Atención con los niños: asumimos que son inherentemente felices: juegos y sonrisas. Pues no. Los niños padecen la depresión. No diagnosticada. Muda, silenciosa, carente del exutorio de la palabra, y del arma del autoanálisis, que atenúa el dolor del adulto.

La primera máscara de la depresión: “venderse” como irrevocable, definitiva, terminal. Metido entre una botella con el corcho puesto, grito hasta perder el resuello, y nadie en el mundo escucha mi alarido. El mal se pretenderá indoblegable, inescapable, más fuerte que cualquier cosa que le opongamos.

Falso. No se trague ese cuento. De la depresión se sale. A veces tan rápidamente como se cae. Verbalice, exprese, formule su sentir. Busque las palabras que mejor lo describan. Nombrar al enemigo, identificarlo, encapsularlo en el verbo, es ya una victoria: restarle poder, controlarlo.

La palabra es su aliada. No deje que a la depresión se sume la frustración de no poder escapar de ella: no solo sufro, sino que sufro porque no puedo superar mi sufrimiento: un dolor “al cuadrado”.

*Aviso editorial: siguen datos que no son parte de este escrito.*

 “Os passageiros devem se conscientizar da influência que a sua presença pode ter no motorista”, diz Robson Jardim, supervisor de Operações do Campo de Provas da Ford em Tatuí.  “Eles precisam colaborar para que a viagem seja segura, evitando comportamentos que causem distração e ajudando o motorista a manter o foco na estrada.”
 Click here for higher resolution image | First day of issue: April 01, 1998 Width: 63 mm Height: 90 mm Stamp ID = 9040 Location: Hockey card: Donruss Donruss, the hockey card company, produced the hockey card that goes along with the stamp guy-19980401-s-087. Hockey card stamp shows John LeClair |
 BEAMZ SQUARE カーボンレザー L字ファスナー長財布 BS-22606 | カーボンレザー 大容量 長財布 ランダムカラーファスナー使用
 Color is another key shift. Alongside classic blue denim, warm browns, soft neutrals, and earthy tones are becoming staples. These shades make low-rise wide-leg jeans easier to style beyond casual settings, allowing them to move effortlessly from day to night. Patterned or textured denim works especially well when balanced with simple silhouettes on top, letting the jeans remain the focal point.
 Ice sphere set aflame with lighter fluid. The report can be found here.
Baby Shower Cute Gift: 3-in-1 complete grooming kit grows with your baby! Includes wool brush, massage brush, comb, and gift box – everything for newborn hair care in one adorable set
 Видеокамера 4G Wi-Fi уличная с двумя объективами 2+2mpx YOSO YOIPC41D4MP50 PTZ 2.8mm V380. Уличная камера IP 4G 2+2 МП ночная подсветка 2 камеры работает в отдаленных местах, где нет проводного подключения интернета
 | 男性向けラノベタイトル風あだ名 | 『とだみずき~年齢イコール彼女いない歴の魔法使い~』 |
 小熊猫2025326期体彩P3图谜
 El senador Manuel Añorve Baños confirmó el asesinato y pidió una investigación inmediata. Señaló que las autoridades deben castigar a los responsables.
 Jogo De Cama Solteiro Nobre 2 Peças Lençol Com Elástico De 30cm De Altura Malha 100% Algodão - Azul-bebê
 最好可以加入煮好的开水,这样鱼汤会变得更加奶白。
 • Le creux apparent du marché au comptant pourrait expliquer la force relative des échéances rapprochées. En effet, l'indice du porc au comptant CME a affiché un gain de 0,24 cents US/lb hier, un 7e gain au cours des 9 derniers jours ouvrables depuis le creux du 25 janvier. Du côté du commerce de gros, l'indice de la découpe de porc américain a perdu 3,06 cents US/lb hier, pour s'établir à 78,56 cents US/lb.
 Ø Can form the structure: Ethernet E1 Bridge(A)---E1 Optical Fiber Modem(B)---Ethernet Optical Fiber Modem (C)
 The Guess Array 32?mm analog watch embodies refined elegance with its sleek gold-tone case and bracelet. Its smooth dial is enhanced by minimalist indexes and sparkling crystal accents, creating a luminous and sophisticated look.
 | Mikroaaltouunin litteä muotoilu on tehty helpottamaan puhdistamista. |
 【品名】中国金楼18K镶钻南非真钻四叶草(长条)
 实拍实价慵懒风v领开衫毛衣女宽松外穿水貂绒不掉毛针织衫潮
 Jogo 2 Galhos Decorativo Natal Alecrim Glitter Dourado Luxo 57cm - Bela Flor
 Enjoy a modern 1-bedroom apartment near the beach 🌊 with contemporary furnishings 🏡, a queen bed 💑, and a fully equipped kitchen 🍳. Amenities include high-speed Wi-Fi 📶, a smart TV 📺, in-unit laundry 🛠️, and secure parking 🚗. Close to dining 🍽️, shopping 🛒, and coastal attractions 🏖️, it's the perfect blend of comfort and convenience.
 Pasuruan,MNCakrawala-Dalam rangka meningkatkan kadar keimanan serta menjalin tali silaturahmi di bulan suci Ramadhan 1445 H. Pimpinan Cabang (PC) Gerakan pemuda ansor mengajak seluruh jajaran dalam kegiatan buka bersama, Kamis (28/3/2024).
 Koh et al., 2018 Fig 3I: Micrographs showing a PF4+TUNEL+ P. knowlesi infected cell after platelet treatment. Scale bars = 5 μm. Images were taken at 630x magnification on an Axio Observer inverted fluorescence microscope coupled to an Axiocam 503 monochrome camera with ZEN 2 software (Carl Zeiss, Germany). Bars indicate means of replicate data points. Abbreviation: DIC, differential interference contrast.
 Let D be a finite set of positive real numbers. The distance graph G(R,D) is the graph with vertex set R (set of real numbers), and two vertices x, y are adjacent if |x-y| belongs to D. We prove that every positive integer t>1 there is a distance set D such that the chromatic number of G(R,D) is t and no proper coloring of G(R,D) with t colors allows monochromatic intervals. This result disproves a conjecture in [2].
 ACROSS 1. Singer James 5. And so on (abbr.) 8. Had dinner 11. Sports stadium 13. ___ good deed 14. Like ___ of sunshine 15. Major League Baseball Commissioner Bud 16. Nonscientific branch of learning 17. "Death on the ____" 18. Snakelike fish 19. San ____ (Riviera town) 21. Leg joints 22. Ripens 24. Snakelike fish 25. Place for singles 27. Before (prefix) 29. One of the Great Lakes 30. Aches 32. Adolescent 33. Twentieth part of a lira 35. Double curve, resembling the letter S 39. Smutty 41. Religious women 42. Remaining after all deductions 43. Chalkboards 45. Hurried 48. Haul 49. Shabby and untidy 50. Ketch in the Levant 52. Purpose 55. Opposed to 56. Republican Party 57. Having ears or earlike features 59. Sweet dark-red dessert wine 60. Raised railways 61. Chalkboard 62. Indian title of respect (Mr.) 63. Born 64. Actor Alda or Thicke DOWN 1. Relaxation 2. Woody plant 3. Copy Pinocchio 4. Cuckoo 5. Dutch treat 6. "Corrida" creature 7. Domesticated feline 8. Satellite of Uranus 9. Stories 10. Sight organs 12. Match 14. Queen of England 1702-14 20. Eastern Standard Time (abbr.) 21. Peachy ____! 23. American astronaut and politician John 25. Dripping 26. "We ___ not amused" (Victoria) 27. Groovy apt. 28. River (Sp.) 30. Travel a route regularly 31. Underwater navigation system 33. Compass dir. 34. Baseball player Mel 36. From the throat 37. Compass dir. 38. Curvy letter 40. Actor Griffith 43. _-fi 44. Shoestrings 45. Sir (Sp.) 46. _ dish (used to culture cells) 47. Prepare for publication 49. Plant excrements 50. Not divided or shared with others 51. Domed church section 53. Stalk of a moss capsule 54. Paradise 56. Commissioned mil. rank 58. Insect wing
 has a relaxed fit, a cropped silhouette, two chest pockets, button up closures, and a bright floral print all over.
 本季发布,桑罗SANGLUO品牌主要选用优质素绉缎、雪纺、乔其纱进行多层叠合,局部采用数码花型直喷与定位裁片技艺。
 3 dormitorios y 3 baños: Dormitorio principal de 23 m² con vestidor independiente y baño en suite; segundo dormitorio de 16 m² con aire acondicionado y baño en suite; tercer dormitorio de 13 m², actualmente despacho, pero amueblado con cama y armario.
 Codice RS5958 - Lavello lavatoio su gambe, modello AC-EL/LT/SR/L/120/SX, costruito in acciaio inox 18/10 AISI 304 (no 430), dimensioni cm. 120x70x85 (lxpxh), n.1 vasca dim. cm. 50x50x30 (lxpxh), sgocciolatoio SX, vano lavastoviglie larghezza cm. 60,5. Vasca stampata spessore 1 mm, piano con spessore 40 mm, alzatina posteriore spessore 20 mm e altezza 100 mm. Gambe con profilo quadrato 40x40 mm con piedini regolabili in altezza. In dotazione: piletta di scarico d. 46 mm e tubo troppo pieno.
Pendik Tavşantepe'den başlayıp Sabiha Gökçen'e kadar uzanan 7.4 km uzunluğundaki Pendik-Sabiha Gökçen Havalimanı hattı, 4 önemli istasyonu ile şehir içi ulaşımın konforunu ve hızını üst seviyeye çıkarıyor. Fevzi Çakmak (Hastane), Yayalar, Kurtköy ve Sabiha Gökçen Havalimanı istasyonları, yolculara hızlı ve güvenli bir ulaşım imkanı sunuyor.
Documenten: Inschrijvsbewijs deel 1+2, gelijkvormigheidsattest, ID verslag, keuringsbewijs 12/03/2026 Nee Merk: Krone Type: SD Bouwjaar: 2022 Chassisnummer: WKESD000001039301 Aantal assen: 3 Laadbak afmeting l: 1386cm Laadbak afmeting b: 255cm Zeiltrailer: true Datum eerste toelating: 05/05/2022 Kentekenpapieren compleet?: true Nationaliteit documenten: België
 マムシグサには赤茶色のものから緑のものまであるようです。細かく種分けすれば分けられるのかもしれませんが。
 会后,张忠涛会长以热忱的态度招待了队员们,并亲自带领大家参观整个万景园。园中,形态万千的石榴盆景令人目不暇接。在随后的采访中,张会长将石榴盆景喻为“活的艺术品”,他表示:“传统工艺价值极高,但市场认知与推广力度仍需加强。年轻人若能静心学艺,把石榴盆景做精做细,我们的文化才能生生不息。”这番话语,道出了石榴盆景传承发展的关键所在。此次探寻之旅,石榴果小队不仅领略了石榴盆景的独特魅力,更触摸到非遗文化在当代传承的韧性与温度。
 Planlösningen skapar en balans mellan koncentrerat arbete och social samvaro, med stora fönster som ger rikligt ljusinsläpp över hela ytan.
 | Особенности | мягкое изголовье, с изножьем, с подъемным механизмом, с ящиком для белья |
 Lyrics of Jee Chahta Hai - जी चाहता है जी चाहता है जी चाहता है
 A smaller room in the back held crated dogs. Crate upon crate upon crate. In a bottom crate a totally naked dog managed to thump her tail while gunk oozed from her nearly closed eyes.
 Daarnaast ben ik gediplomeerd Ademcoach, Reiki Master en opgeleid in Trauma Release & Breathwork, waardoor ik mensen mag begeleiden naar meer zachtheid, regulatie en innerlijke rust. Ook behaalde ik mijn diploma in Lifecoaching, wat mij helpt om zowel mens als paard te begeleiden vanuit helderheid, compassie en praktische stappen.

Vivimos bajo la égida de la neuroquímica. Bien. Tome sus fármacos. Pero recuerde: el problema debe ser abordado desde varias perspectivas: la pastilla restablecerá un equilibrio sin el cual es imposible reaccionar. Pero no se quede flotando beatíficamente en su paraíso farmacológico: las causas hondas de la depresión suelen yacer más allá de las sondas, en las cavernas subconscientes.

Tan pronto goce de un mínimo de estabilidad, explore estos parajes. ¿Somos química? Sí, pero no solamente –subrayo el adverbio–. No se prive de ningún recurso.

Quizás sea la ocasión de darle oportunidad a algo no explorado. ¿La religión? Por qué no. Toda enfermedad ofrece una posibilidad de crecimiento. ¿Que usted no cree en eso? De acuerdo. Simplemente, no cierre puertas. No sufra solo, no se aísle. El mundo lo comprende mejor de lo que usted piensa.

Deje que sus seres queridos se asomen a su corazón. No descarte a priori ningún consejo: su infierno, siendo privado, es también colectivo: muchos van a bordo del mismo barco fúnebre.

Llore, llore. En este mundo, solo sobrevivirán aquellos que sepan llorar. Hay mil formas de hacerlo. El llanto es nuestra más preciada facultad. Socialmente mal visto, porque somos estúpidos. El llanto: nuestro primer manifiesto. Acaso también el último.

Amigos: oigan esto, y repítanselo como un mantra : hay salida, siempre hay salida. Tal vez ahí nomás, al alcance de su mano.